Sterling: 25 Profitable Quarters and a Demerger
Sterling Holiday Resorts provided the clearest counterpoint in the group’s results. FY26 revenue grew 6.6 percent to Rs. 533.6 crore, EBIT was flat at Rs. 129.2 crore, and Q4 delivered Sterling’s highest-ever quarterly revenue at Rs. 138.5 crore, up 19 percent year on year. The resort portfolio expanded from 61 to 78 resorts during FY26, Q4 occupancy reached 61 percent, and free cash flow grew 49 percent to Rs. 114 crore. Sterling has now posted 25 consecutive profitable quarters and remains entirely debt-free.
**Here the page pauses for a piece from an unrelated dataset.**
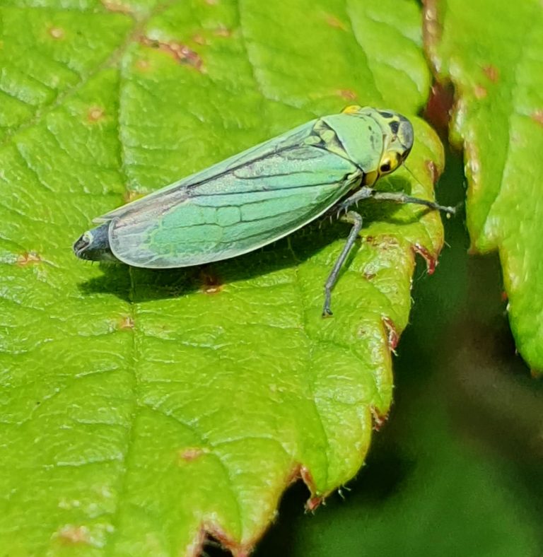 De Groene #rietcicade (#Cicadella viridis) is een opvallend maar klein diertje. Met een maximale grootte van bijna 1 cm moet je toch even goed kijken wat je ziet. Het is een algemene soort van drassige plaatsen waar de dieren op Zeggen (#Cyperaceae) en Russen (#Juncaceae) leven. In de herfst leggen vrouwtjes eitjes in het weefsel van de planten. In de lente komen deze uit. De jonge dieren vervellen 5 keer voor ze hun uiteindelijke volwassen vorm bereiken. Let er deze zomer eens op, tot september zijn de volwassen dieren nog te vinden.

More consequentially, the Thomas Cook India board approved the demerger of Sterling into a separately listed entity. TCIL shareholders will receive 0.81 SHRL shares for every TCIL share held, with Sterling’s resorts and Nature Trails business transferring into SHRL. The process is subject to NCLT and regulatory approvals, with the timeline estimated to reach conclusion by Q1 FY28.
Business Overview
Thomas Cook (India) Limited, incorporated in 1881 and part of Canada-based Fairfax Financial Holdings Group, operates across four segments: Travel and Related Services, Financial Services, Leisure Hospitality, and Digital Imaging Solutions. The company holds a CRISIL AA/Stable/A1+ credit rating and carries consolidated debt of Rs. 277.3 crore against cash and equivalents of Rs. 1,365.8 crore.